A person has tested positive for avian influenza A(H5) virus (H5 bird flu) in the U.S., as reported by Colorado and confirmed by CDC. This case occurred in a person who had direct exposure to poultry and was involved in the culling (depopulating) of poultry with presumptive H5N1 bird flu. The patient reported fatigue for a few days as their only symptom and has since recovered. The patient is being isolated and treated with the influenza antiviral drug oseltamivir. While it is possible the detection of H5 bird flu in this specimen is a result of surface contamination of the nasal membrane, that can't be determined at this point and the positive test result meets the criteria for an H5 case. The appropriate public health response at this time is to assume this is an infection and take actions to contain and treat.
This case does not change the human risk assessment for the general public, which CDC considers to be low. However, people who have job-related or recreational exposures to infected birds are at higher risk of infection should take appropriate precautions outlined in CDC guidance.
CDC has been monitoring for illness among people exposed to H5N1 virus-infected birds since these outbreaks were detected in U.S. wild birds and poultry in late 2021 and into 2022. To date, H5N1 viruses have been found in U.S. commercial and backyard birds in 29 states and in wild birds in 34 states. CDC has tracked the health of more than 2,500 people with exposures to H5N1 virus-infected birds and this is the only case that has been found to date. Other people involved in the culling operation in Colorado have tested negative for H5 virus infection, but they are being retested out of an abundance of caution.
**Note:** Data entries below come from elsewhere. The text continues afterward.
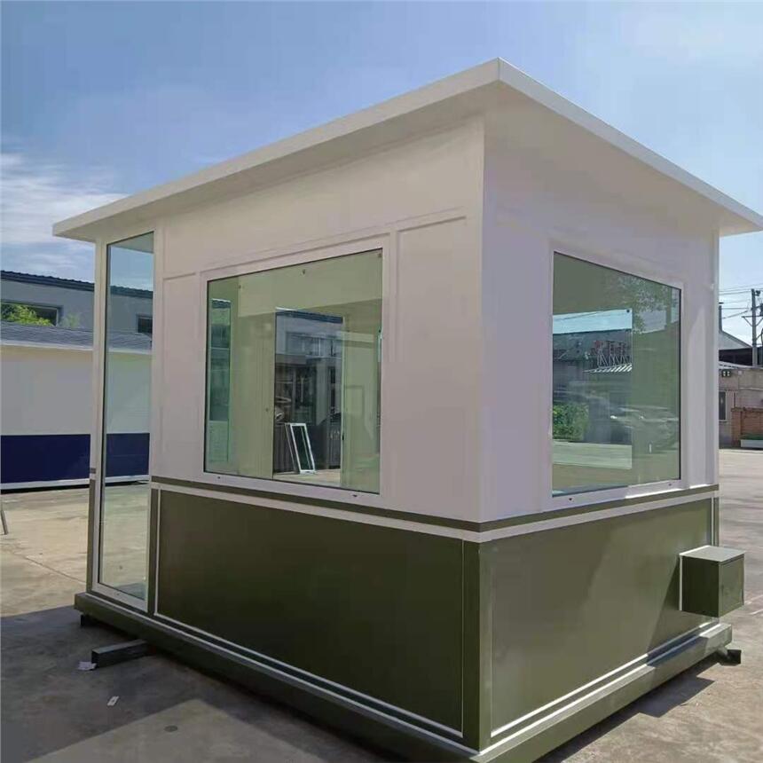 钢结构岗亭的承重结构均为框架型钢结构,整体结构构件选材和焊接符合标准,**钢骨架结构,壁厚均在2mm以上,经防腐处理,吊装或铲装移动时,可保证产品牢固性。3、亭内地面为统一平面,内墙及屋顶同样采用钢结构荚芯板,防火、防腐蚀且便于清洁。外墙采用钢结构荚芯板,色彩稳定、雨水冲喷洗即可除尘,**、不剥落;抗紫外线辐射和水汽酸碱侵蚀,不宜老化;具有韧性、不易损坏,隔音隔热性能强,抗外力冲击不易碎裂损坏;自熄阻燃达到难燃级标准。通常来说,单人使用的岗亭以1.2×1.5×2.34m或1.5×1.5×2.35m居多,虽然也有*小一点的尺寸(例如:1.2×1.2×2.35m),但是尺寸过小的话,会造成工作人员在岗亭内觉得压抑,不适合长时间留守在岗亭内。双人使用的岗亭尺寸通常为1.5×2.0×2.35m,以此类推,2.0×2.0×2.4m的岗亭适合三人使用,而2.0×3.0×2.5m的岗亭则适合4-5人使用,*大尺寸的岗亭就要根据安装场地大小来定,通常除了要考虑亭体的尺寸大小外,还要考虑顶盖延伸出来的位置,以免场地过小导致岗亭无法摆放。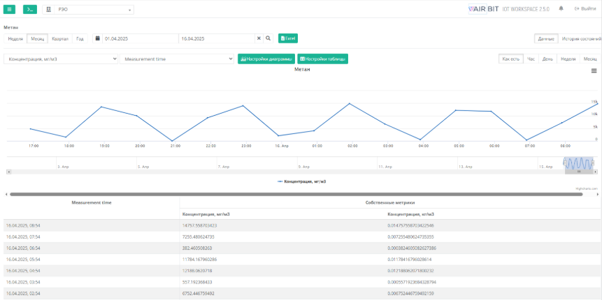 Графические тренды и табличные значения по контролируемому показателю: • концентрация газа, • заряд батарея и др. |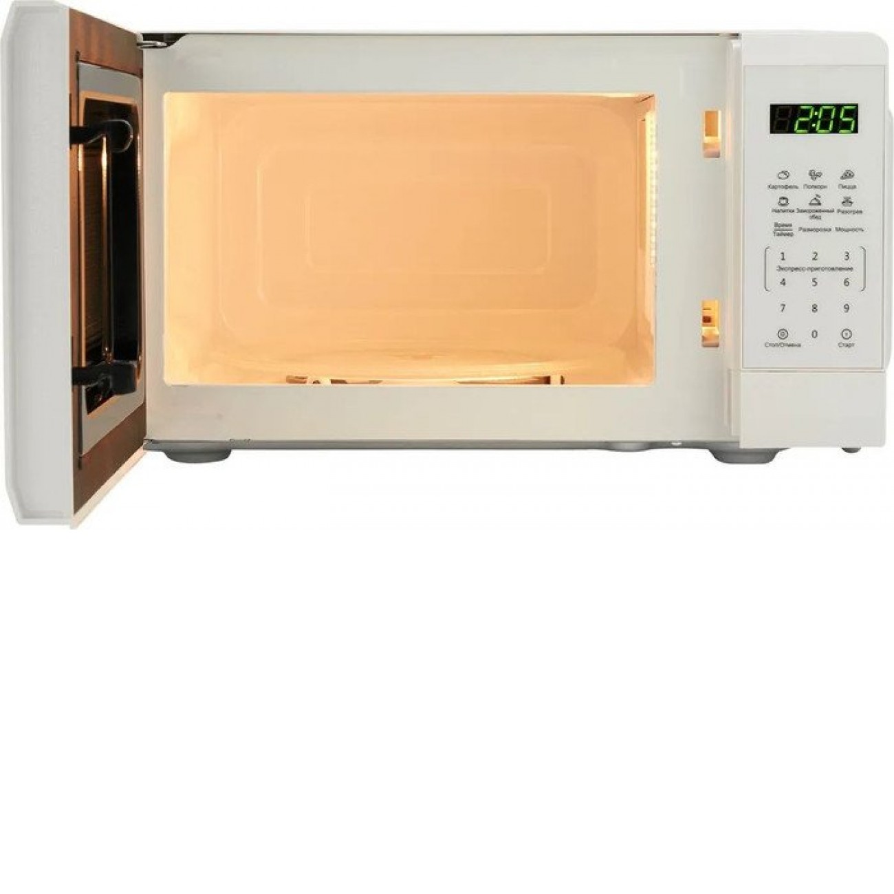 отдельностоящая, микроволны (соло), объем 20 л, выходная мощность микроволн 700 Вт, управление электронное, автоприготовление, авторазмораживание, цвет белый

This is the second human case associated with this specific group of H5 viruses that are currently predominant, and the first case in the United States. The first case internationally occurred in December 2021 in the United Kingdom in a person who did not have any symptoms and who raised birds that became infected with H5N1 virus. More than 880 human infections with earlier H5N1 viruses have been reported since 2003 worldwide, however, the predominant H5N1 viruses now circulating among birds globally are different from earlier H5N1 viruses.
Infected birds shed H5N1 viruses in their saliva, mucous and feces. H5N1 virus infections among people are rare; however, human infections can happen when enough virus gets into a person's eyes, nose, or mouth, or is inhaled. People with close or lengthy unprotected contact (not wearing respiratory or eye protection) with infected birds or places that sick birds or their mucous, saliva, or feces have touched, may be at greater risk of H5N1 virus infection. Illnesses in people from bird flu virus infections have ranged from mild (e.g., eye infection, upper respiratory symptoms) to severe illness (e.g., pneumonia) that can result in death. The only previous human case associated with this group of H5N1 viruses produced in no symptoms. Spread of earlier H5N1 viruses from one infected person to a close contact in the past have happened very rarely and have not led to sustained person-to-person spread.
Local, state and federal health partners are working together to prevent spread of this H5N1 virus among birds and people. The U.S. Department of Interior and U.S. Department of Agriculture (USDA) are the lead federal departments for avian influenza outbreak investigation and control in wild birds, and USDA Animal and Plant Health Inspection Service is the lead agency for such activities in domestic birds such as poultry. The U.S. Department of Health and Human Services and CDC are the lead federal partners for public health for this situation.
This one H5-positive human case does not change the human health risk assessment. CDC will continue to watch this situation closely for signs that the risk to human health has changed. Signals that could raise the public health risk might include multiple reports of H5N1 virus infections in people from exposure to birds, or identification of spread from one infected person to a close contact. CDC also is monitoring H5N1 viruses for genetic changes that have been associated with adaptation to mammals, which could indicate the virus is adapting to spread more readily from birds to people. CDC is taking routine preparedness and prevention measures, which includes an existing candidate vaccine virus that could be used to make vaccine for people if one were needed.
CDC has guidance for clinicians, public health practitioners and people with potential bird exposures. As a reminder, people should avoid contact with poultry that appear ill or are dead and avoid contact with surfaces that appear to be contaminated with feces from wild or domestic birds, if possible. If you must handle wild birds or sick or dead poultry, minimize direct contact by wearing gloves and wash your hands with soap and water after touching birds. If available, wear respiratory protection such as a medical facemask and eye protection such as goggles. It is safe to eat properly handled and cooked poultry and poultry products in the U.S. The proper handling and cooking of poultry and eggs to an internal temperature of 165˚F kills bacteria and viruses, including H5N1 viruses. Additional information on protective actions around birds, including what to do if you find a dead bird, is available. CDC also has guidance for specific groups of people with exposure to poultry, including poultry workers and people responding to poultry outbreaks. CDC will continue to provide further updates to the situation and update guidance as needed.